Tadellos scheint das Thrillergefüge lange Zeit, sauber und solide auf’s Papier gebracht bzw. ins Hörbuchformat umgesetzt und ist geschickt mit einer Protagonistin besetzt, an deren Verstand uns der Autor bewusst zweifeln lässt. Aufgrund traumatischer Kindheitserlebnisse hat Emma multiple Eigenschaften ausgebildet, schwankt zwischen kühler Logik, Überreaktionen und Paranoia. Und das ist natürlich sehr ausgefuchst gemacht, wie schon „Girl on the Train“ von Paula Hawkins bewiesen hat. Denn der Hörer/Leser ist hin- und hergerissen, ob er sich auf diese Heldin einlassen darf, ob er ihr glauben darf.

Die eigene große Verunsicherung verleiht Emma Stein allerdings auch charakterliche Kanten, an denen ich mir ein paar blaue Flecken zugezogen habe. Die Figur handelt teilweise (gewollt) übertrieben und hielt mich immer ein stückweit auf Abstand. Kindheitstrauma hin oder her… für eine Psychiaterin blickte mir Emma zu wenig über den eigenen Tellerrand hinaus, steckte zu sehr in ihrem eigenen verkorksten Wesen fest.

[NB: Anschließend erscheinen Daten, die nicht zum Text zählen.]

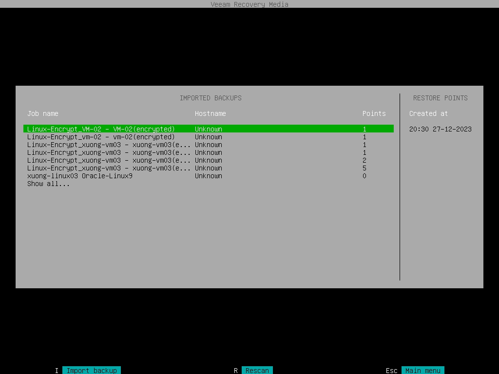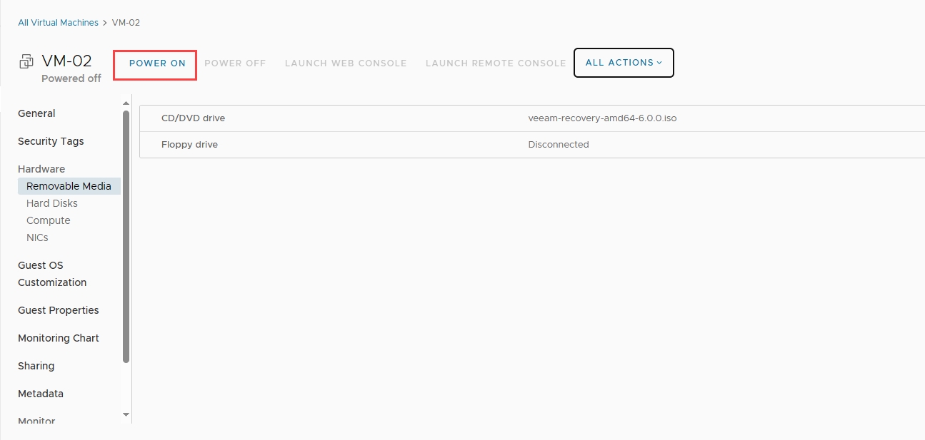 Khởi động VM (POWER ON VM) và chờ để Veeam Recovery Media khởi động.

 Aber kommen wir zum Paket. Das Paket verleitet Emma dazu, das Haus zu verlassen und dem ominösen Nachbarn nachzuspüren. Es ist – mit Hitchcocks Worten - der MacGuffin, der die Handlung vorantreibt. Ein einfacher Gegenstand (?) mit großer Wirkung und keinesfalls unglaubwürdig, denn oft sind es die kleinen Dinge, die große Folgen haben. Die Ereigniskette, die der MacGuffin hier allerdings nach sich zieht, liegt für mich nahe beim Begriff ‚abstrus’. Fitzek treibt seine Protagonistin in Verfolgungswahn, Hysterie und Wendungen hinein, die in ihrer Gesamtheit ein unförmig-aufgeblähtes Gebilde ergeben, das die Dichte und Glaubwürdigkeit des Plots erheblich stört.

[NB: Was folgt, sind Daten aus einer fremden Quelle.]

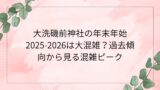 特に初めて初詣で訪れる方は、事前に混雑状況や待ち時間を把握しておくことが本当に大切だと実感しています。

 Zu allem Übel habe ich das Ende größtenteils vorausahnen können, was ich nicht meiner überragenden Spürnase zuschreibe, sondern der Tatsache, dass sich bei genauer Prüfung der Charaktere die Zahl möglicher Täter auf eins reduziert.

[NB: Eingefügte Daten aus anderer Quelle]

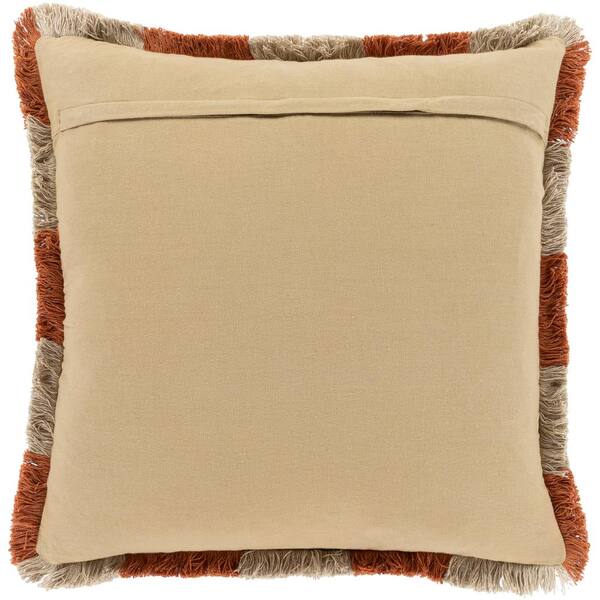 Sov Saffron/Dark Green Emgroidered/Fringe Polyester Fill 18 in. x 18 in. Decorative Pillow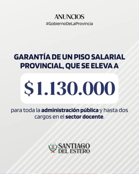 El Gobierno de la Provincia de Santiago del Estero informó un nuevo acuerdo salarial destinado a los trabajadores de la Administración Pública, luego de las reuniones con la Mesa de Diálogo y Trabajo, tanto con el sector docente como los que componen la representación de la administración pública, se acordaron las siguientes pautas salariales:

 Laut Spiegel gehört der Autor zu den professionellsten und handwerklich zuverlässigsten Thrillerautoren des Landes. Her mit dem Wisch. Das unterschreibe ich sofort! Am Handwerksgeschick ist im Falle des Pakets tatsächlich überhaupt nichts auszusetzen. Probleme bereitete mir hingegen der Bauplan zu dieser konstruiert-verschachtelten Geschichte. Und doch könnte ich guten Gewissens niemandem von einem (Hör-)Buch abraten, dem ich über weite Strecken gebannt gefolgt bin, auch wenn es für mich persönlich am Ende leise „puff“ machte und die Luft raus war.

Mein letzter „Fitzek“ wird es trotzdem nicht gewesen sein. Der Autor besitzt das Rüstzeug zu echter Thrillerkunst, keine Frage. Von seinem Können vollends überzeugen muss er mich allerdings mit einem anderen Buch!

Fazit: Gut gemacht, aber völlig irre!